Their murder set in motion a train of more murders of other freedom fighter officers, plunging the country into chaos. Darkness was once again part of collective national life, as it had once been in the year we fought off the Pakistanis.

As the country teetered on uncertainty, 6 November dawned with newspaper images of a beaming Khaled Musharraf being decorated with epaulettes reflecting his new rank of major general by the chief of staff of the navy, Rear Admiral MH Khan, and the chief of staff of the air force, Air Vice Marshal MG Tawab. The latter had been flown in from Germany, where he had been leading a retired life, to take over from AK Khondokar in the period following 15 August.

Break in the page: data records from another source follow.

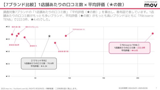 こちらの散布図では、調査対象7ブランドの「1店舗あたりの口コミ数」「平均評価(★の数)」を算出しています。1店舗あたりの口コミ数がもっとも多いブランド、平均評価(★の数)がもっとも高いブランドはともに「Patisserie TEN&」で222.0件、★4.45でした。
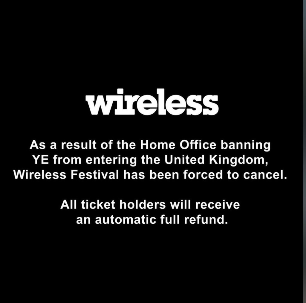 “As a result of the Home Office banning YE from entering the United Kingdom, Wireless Festival has been forced to cancel.
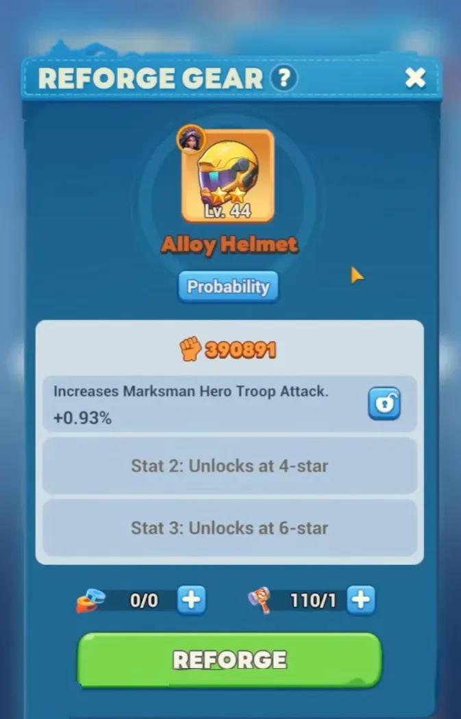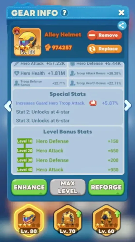 1. Снаряжение героя (Hero Gear): Это базовый уровень экипировки. В данную категорию входят такие предметы, как шлемы, жилеты и т. д. У каждого героя есть 3 слота, и каждый предмет в них увеличивает ключевые показатели персонажа: атаку, защиту и здоровье.
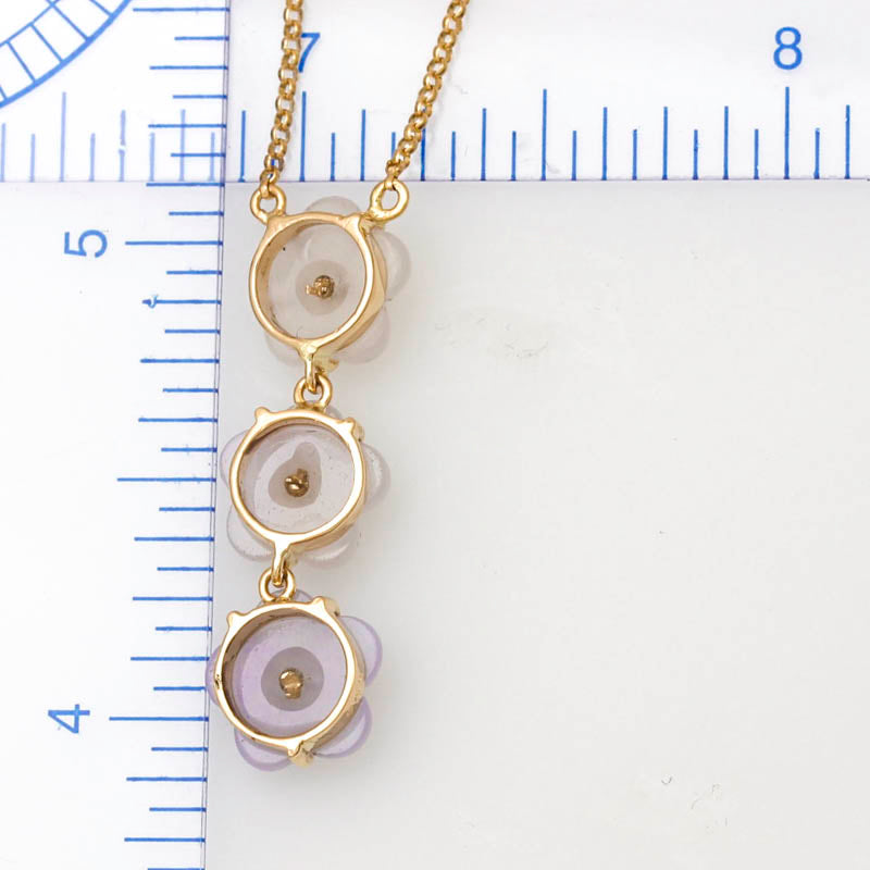 Lavender jadeite jade carved necklace featuring three ombre carved lavender flowers with a diamond center on a 14K yellow gold adjustable 20" and 18” chain.

As the day progressed on 6 November, the pieces began to fall into a pattern. The announcement that Khondokar Moshtaque Ahmed had resigned the presidency was swiftly followed by news that the chief justice of the Supreme Court, Abu Sadat Muhammad Sayem, had replaced him. A new order appeared to be in place finally.

As the night deepened, however, rumours of an unsavoury kind began to make the rounds. General Khaled Musharraf, they appeared to suggest, was waging a desperate struggle to hold on to his authority against the army units now beginning to move against him. In the cantonment, slogans of a 'sepoy-janata' revolution were raised. The entire area began to resonate with them. A full-scale rebellion was on and for once the shrewd, brilliant Khaled Musharraf appeared unable to resist the tide against him and his loyalists.

On 7 November, Dhaka slipped into the hands of Colonel Taher and his men, who lost little time in freeing General Ziaur Rahman from confinement and restoring him to authority as chief of staff of the army. For General Musharraf, conditions had already gone from bizarre to eerie. He and his loyalists were on the run from the marauding men who had clearly thrown in their lot with Taher and Zia.

Attempting to make their way out of Dhaka in the hope of organising resistance, Musharraf, Huda and Haider found themselves in Sher-e-Banglanagar. Within minutes they became prisoners of the men they had once commanded. All three were brutally murdered. Their corpses were then subjected to varied forms of humiliation.

Sometime in the early afternoon, General Zia made his way to Bangabhaban. Soldiers and a crowd of onlookers raised, for the first time in independent Bangladesh, the slogan of Nara-e-Takbeer, punctuated of course by another, Sepoy-Janata Zindabad. The state of Bangladesh was pushed into a state of grave peril.

On 7 November 1975, all hope, raised briefly only days earlier, of a revival of the spirit that had led Bengalis into the War of Liberation in 1971 seemed to have been snuffed out.

Musharraf loyalists in the army, those who had survived death, were scattered and making their way to safety.  It was the beginning of a new nightmare that would keep the nation in its vise-like grip for twenty one years.